A collection of two incredible visual novels that make great use of the medium.

There's not much to say about Nine Hours, Nine Persons, Nine Doors except that it's really damn good. Great mysteries, great characters that all get a good amount of time to shine, incredible atmosphere, there's really not much fault I can find with the story at all. This version of the game is a slightly different matter, though; with how the game made use of the Nintendo DS, some compromises would be unavoidable in translating it to one screen, but the decision to split the game into "novel" and "adventure" modes is baffling. I get what they were going for, but in practice there is basically no reason to use Adventure due to just how much narration you're missing- the narration is crucial in developing the game's atmosphere among other things, and a lot of that is just lost in Adventure (plus the existence of Adventure also has a negative effect on the prose in Novel due to the additional dialogue needed to make it work). It's a very unwieldy way of handling things, and in fact the lost iOS-only "The Novel" version of the game already had a much better solution to the problem. This remaster isn't all bad, though- the flowchart is a really nice QoL feature that really cuts down on repetition, and the newly added voice acting is some of the best I've ever heard and really enhances some of the game's scenes. It's a shame the modes were handled so awkwardly and that there wasn't a 3DS version that featured the best of both worlds, but as it is this is still a worthy way of playing 999 as long as you stay on Novel.

Virtue's Last Reward is a certainly more ambitious game, but it's also one that's considerably less of a focused experience. The game's nonlinear approach to storytelling is very creative and leads to some incredible moments, but it also makes the first half of an average playthrough a pretty slow burn with a lot of repetition while the second just hits the player with twist after twist. This works for some people, it won't for others, I guess I'm somewhere in the middle- I don't mind slowly unraveling a mystery, going through slight variations of the same scenes again and again not so much. Still, I was engaged throughout and it's very satisfying once everything comes together, even if a few things are kind of a stretch.
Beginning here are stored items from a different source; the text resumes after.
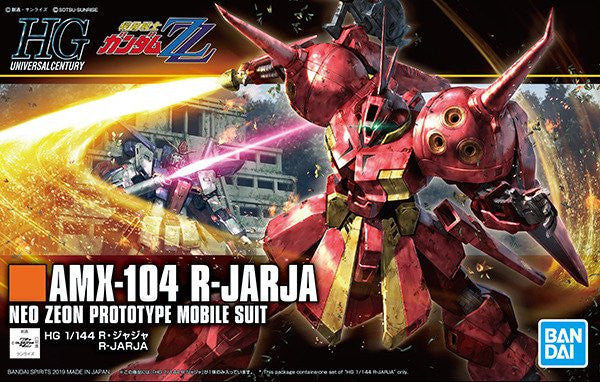 A prototype commander unit featured in ZZ Gundam, its hot color and proportion have been faithfully replicated while retaining an impressive range of motion. The ZZ Gundam #220 R-Jarja HGUC Model Kit includes beam rifle with heat bayonet, open palm, large beam saber, 12x runner, stickers, and instruction manual. Measures about 6-inches tall. Ages 15 and up.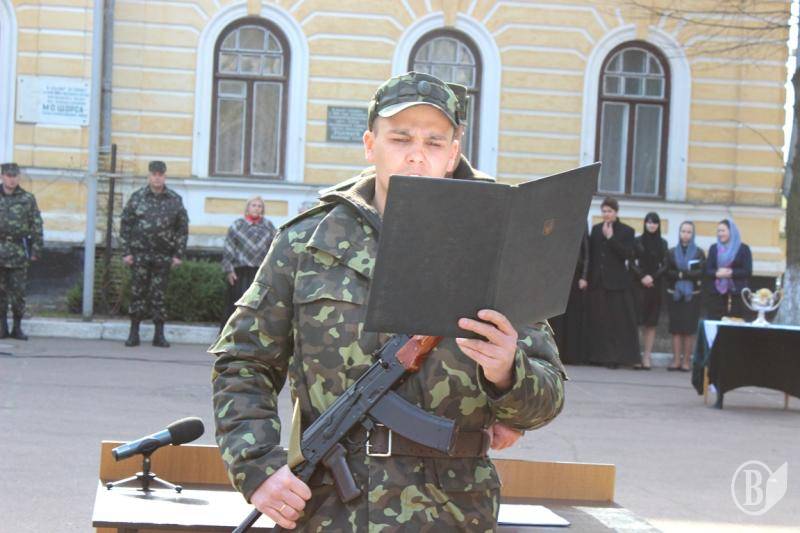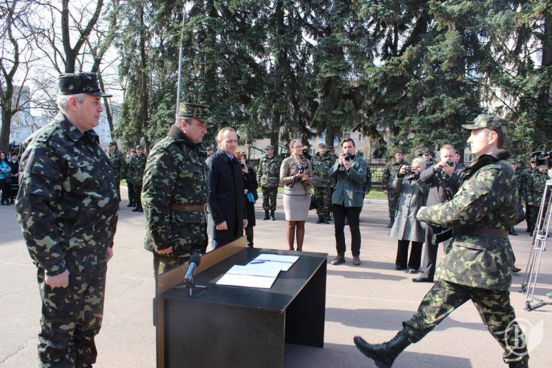 В Чернигове, под лозунгом - «Мы будем защищать свою Родину» - состоялось принятие Военной присяги гражданами Украины, которые добровольно решили стать на защиту своей Родины.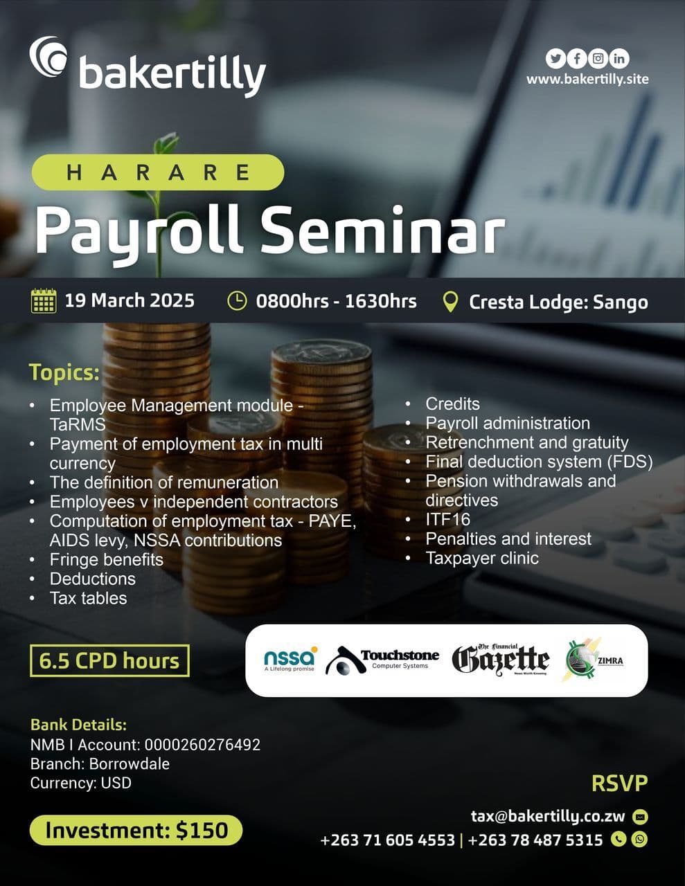 We are excited to invite you to our upcoming Payroll Seminar being held on the 19th of March 2025.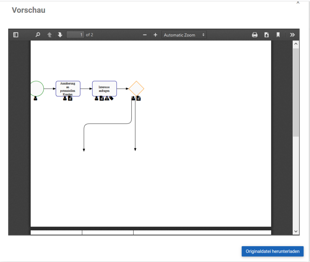 Von hier aus können Sie die Prozesslandkarte als PDF herunterladen und typische Verfahren zum Drucken von Dokumenten verfolgen.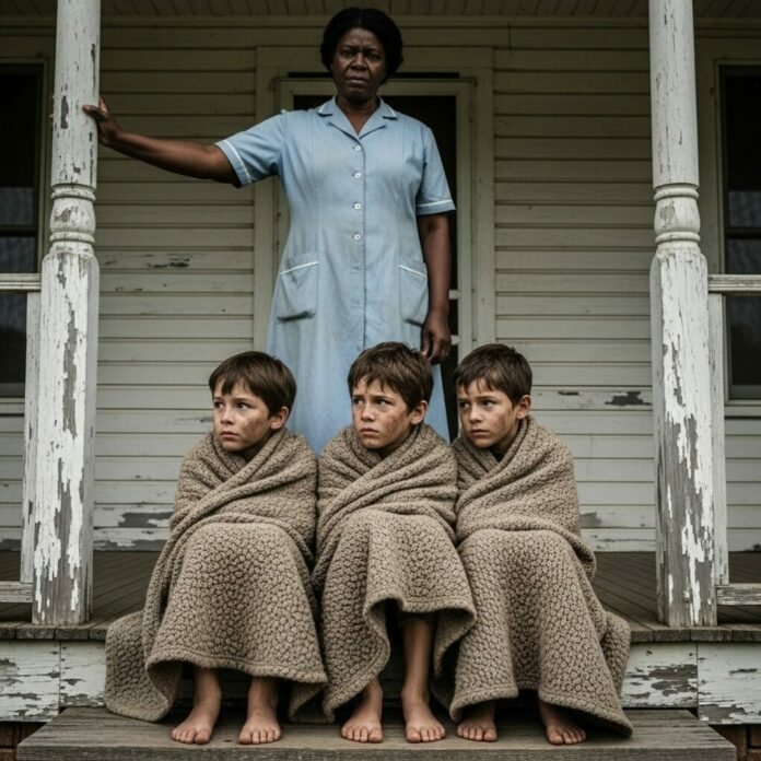 Una mañana lluviosa de octubre, Evelyn abrió la puerta mosquitera y encontró a tres niños acurrucados bajo una manta hecha jirones junto a los cubos de basura. Estaban empapados, descalzos y temblando. El mayor, Caleb, tenía unos once años; su diente roto y sus nudillos magullados eran prueba de tantas peleas. Drew, de unos nueve años, observaba todo con recelo. El pequeño, Jamie, de solo seis años, seguía chupándose el dedo y no había dicho ni una palabra.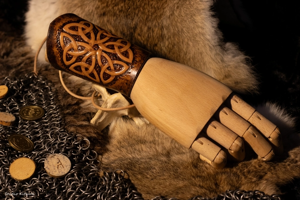 Prenez une loutre, ajoutez y un zeste de bleu, étaler le tout sur un peu de cuir et voilà une paire de brassards sur mesure.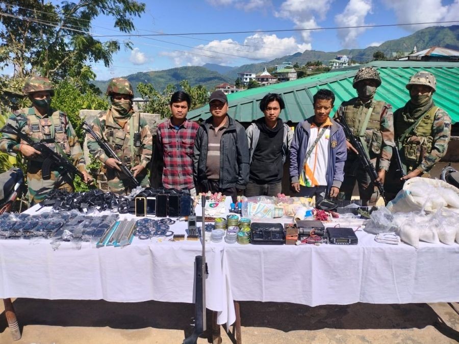 The seized materials include one satellite phone, five cellphones, eight SIM cards, 105 bullets of point .22 rifle, 35 packets of potassium, 9,000 airgun pellets, 2,79,700 kyat (Myanmar currency), 49 adapters, 50 antennas, 51 battery chargers, three digital transceivers, 10 handcuffs, 16 combat T-shirts, five magazine pouches, five bullet-proof jackets and 19 black suits.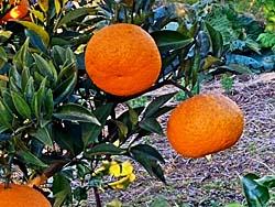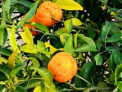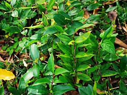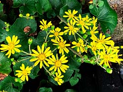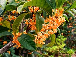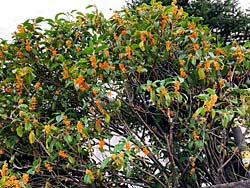 見上げると、中国原産でモクセイ科の常緑小高木「キンモクセイ(金木犀)」です。庭木、花は薬草、香水等に使用される樹木です。足下には、日本原産でキク科の多年草「ツワブキ(石蕗)」(写真右)が咲いていました。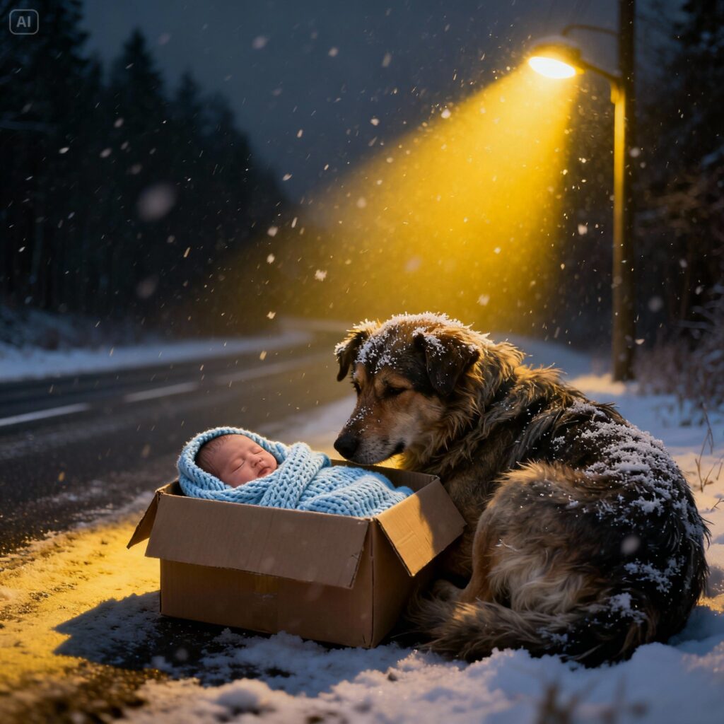 At dawn, some neighbors saw something strange by the side of the road: a motionless dog, covered in snow… and a slight movement inside a box.

The atmosphere isn't really as good as 999's either, the setting feels a lot less interesting and the sense of danger and urgency that game had is a lot less present here (supposedly due to executive interference), and the cast isn't quite as good or well-balanced in terms of screentime as 999's (Sigma in particular is a far inferior main character to Junpei), but it's still another outstanding experience overall that's definitely worth playing especially if you enjoyed the previous game.